## Exercise requirements
The answer must consist solely of the lines from the one containing "Walshe’s text moves" through the last line of the records below, repeated exactly, with all pictures omitted.

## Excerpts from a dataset
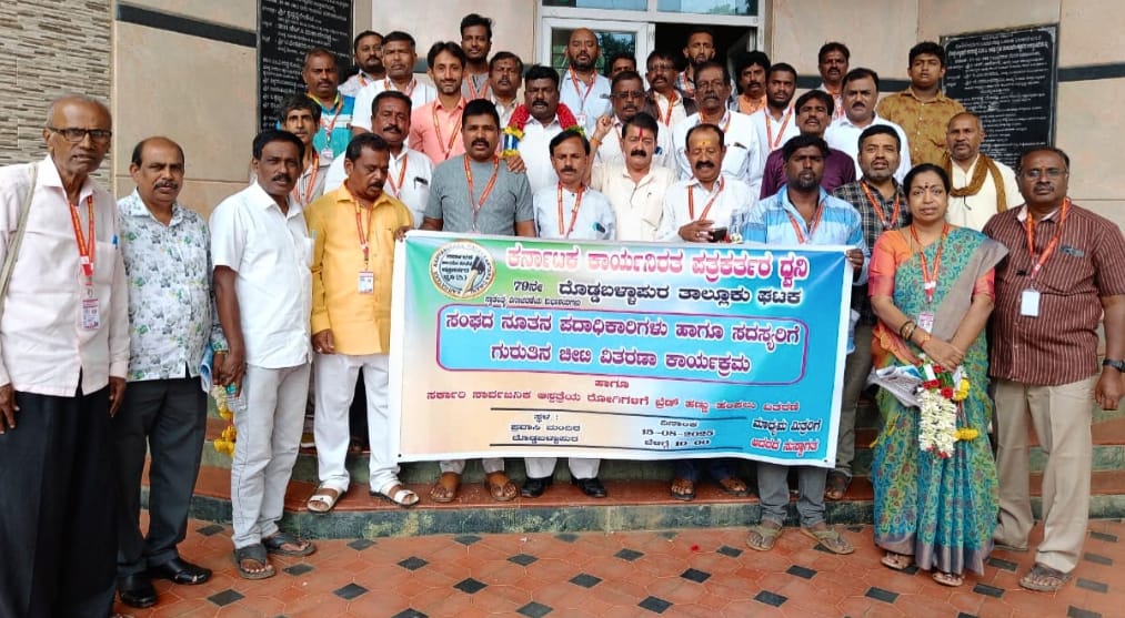 ಜೊತೆಗೆ ಎಲ್ಲಾ ಸದಸ್ಯರುಗಳಿಗೆ ಗುರುತಿನ ಕಾರ್ಡ್ ಗಳನ್ನು ಕಾನಿಪ ಧ್ವನಿ ರಾಜ್ಯಾಧ್ಯಕ್ಷರಾದ ಬಂಗ್ಲೆ ಮಲ್ಲಿಕಾರ್ಜುನ ವಿತರಿಸುವಂತ ಸಂದರ್ಭದಲ್ಲಿ ರಾಜ್ಯ ಕಾರ್ಯದರ್ಶಿಗಳಾದ ದೇವರಾಜ್, ಬೆಂಗಳೂರು ಗ್ರಾ.ಜಿಲ್ಲಾಧ್ಯಕ್ಷರಾದ ಸಿದ್ದರಾಜು,ಪ್ರಧಾನ ಕಾರ್ಯದರ್ಶಿಗಳಾದ ರಾಧಕೃಷ್ಣ,ರಾಜ್ಯ ಕಾರ್ಯಕಾರಿ ಸದಸ್ಯರಾದ ಮಹೇಶ್,ಶರಣಪ್ಪ,ರಾಜು ಅಗಸ್ತ್ಯ,ಜಿಲ್ಲಾ ಪದಾಧಿಕಾರಿಗಳಾದ ಆನಂದ ಕುಮಾರ್,ಚೌಡರಾಜ್,ದೊಡ್ಡಬಳ್ಳಾಪುರತಾಲೂಕು ಅಧ್ಯಕ್ಷರಾದ ಮಂಜುನ ನಾಥ ಹಾಗೂ ಇನ್ನೀತರ ಪ್ರಮುಖರು ಹಾಜರಿದ್ದರು.
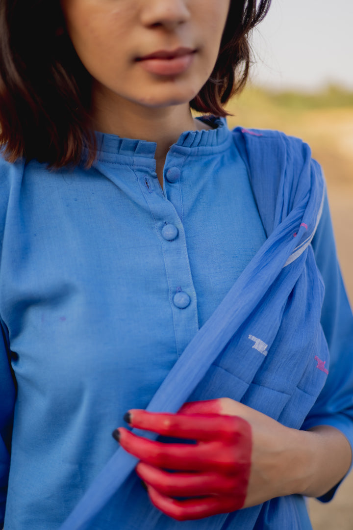 Blue Kurta with Clinched pants
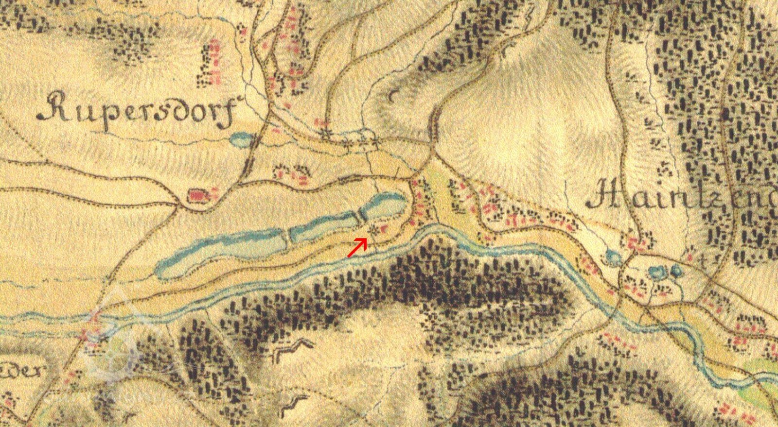 K mlýnu Teich náleží tři rybníky, odleva: kapří, prostřední a krajní. Mlýnský náhon byl přes střední rybník z Ruprechtického potoka.
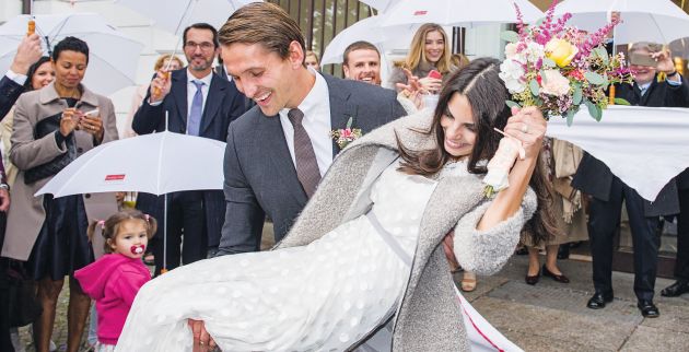 Η τελετή του πολιτικού γάμου του με την ηθοποιό Λίλι Χολούντερ μόλις έχει ολοκληρωθεί και οι νεόνυμφοι περνούν περιχαρείς ανάμεσα από τους καλεσμένους τους. Ο βροχερός καιρός δεν στάθηκε ικανός να χαλάσει την ωραιότερη ημέρα του ζευγαριού, ενώ στους καλεσμένους δόθηκαν ομπρέλες, που ήταν μάλιστα λευκού χρώματος για να ταιριάζουν με την περίσταση.
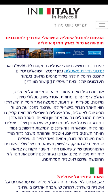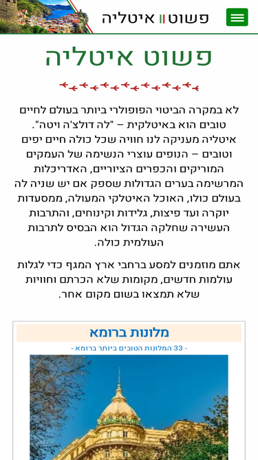 72%אתר איטליה הישראלי italy הוא מדריך טיול מקיף של איטליה, הכולל מידע והמלצות על אטרקציות באיטליה, מלונות באיטליה, מסלולי טיול באיטליה ומידע עדכני מלא על איטליהכולל רשימת ערים באיטליה
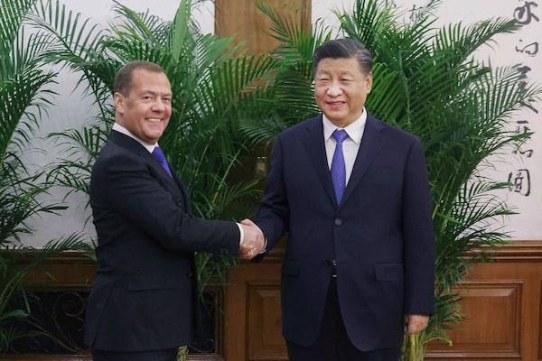 Deputy head of Russia's Security Council and chairman of the United Russia party, Dmitry Medvedev, left, shakes hands with Chinese President Xi Jinping before their meeting in Beijing, on Dec. 21.Liu Weibing/The Associated Press
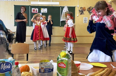 На масленичной неделе каждый класс выбирал свой формат встречи весны. Кто-то устроил чаепитие, кто-то — спортивные состязания. А юные орлята из 2 «А» решили подойти к празднику особенно торжественно и проводили зиму в национальных костюмах.
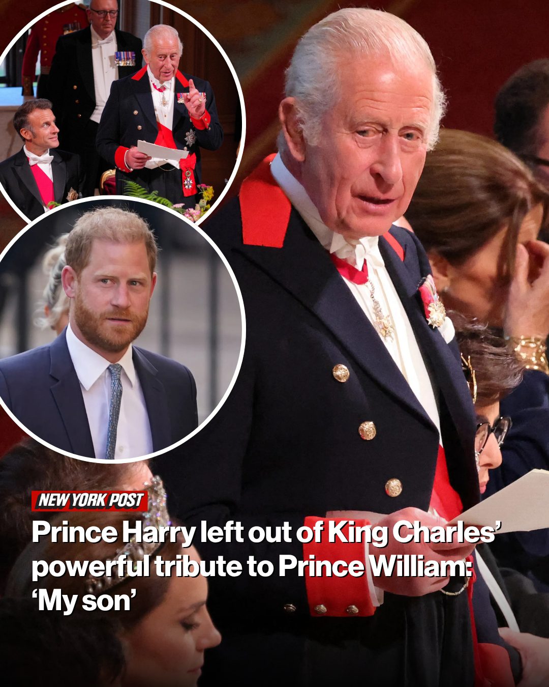 King Charles delivered a powerful tribute to his son Prince William during a lavish state banquet at Windsor Castle on Tuesday — but the monarch’s rare speech made no mention of his estranged son, Prince Harry.
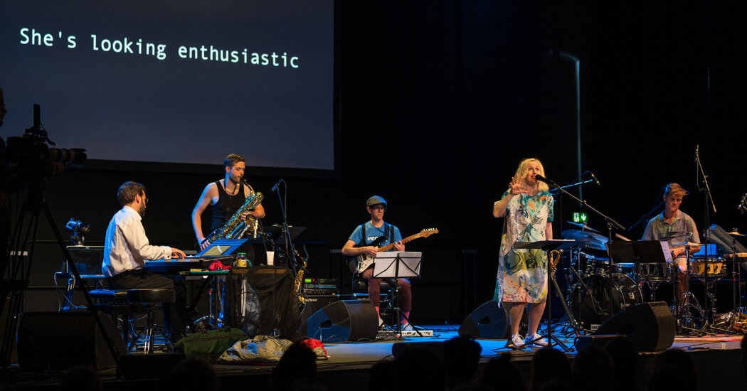 Walshe’s text moves fast, and the music moves at the speed of thought. One moment, her vocals may seem to be celebrating internet memes — or the “minor characters” who become “main characters” for a day on social media. But before long, she’s chiding the world, or herself, for ignoring weightier matters. The music rockets back and forth between amiable, unhurried rhythms and black-metal blast beasts; between ad-jingle saxophone riffs and free-jazz skronk; between even-keeled, Eddie Van Halen-style finger-tapped motifs on electric guitar and less orderly plumes of distorted noise.
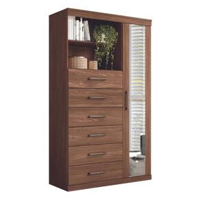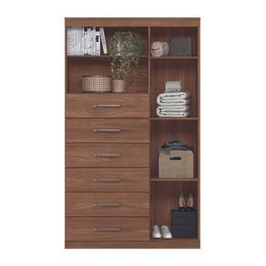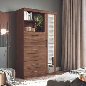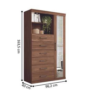 Possui uma porta com três prateleiras. Feita em MDP, contém seis amplas gavetas com corrediças telescópicas para guardar suas roupas com muita organização.

## Completed task
 Walshe’s text moves fast, and the music moves at the speed of thought. One moment, her vocals may seem to be celebrating internet memes — or the “minor characters” who become “main characters” for a day on social media. But before long, she’s chiding the world, or herself, for ignoring weightier matters. The music rockets back and forth between amiable, unhurried rhythms and black-metal blast beasts; between ad-jingle saxophone riffs and free-jazz skronk; between even-keeled, Eddie Van Halen-style finger-tapped motifs on electric guitar and less orderly plumes of distorted noise.
 Possui uma porta com três prateleiras. Feita em MDP, contém seis amplas gavetas com corrediças telescópicas para guardar suas roupas com muita organização.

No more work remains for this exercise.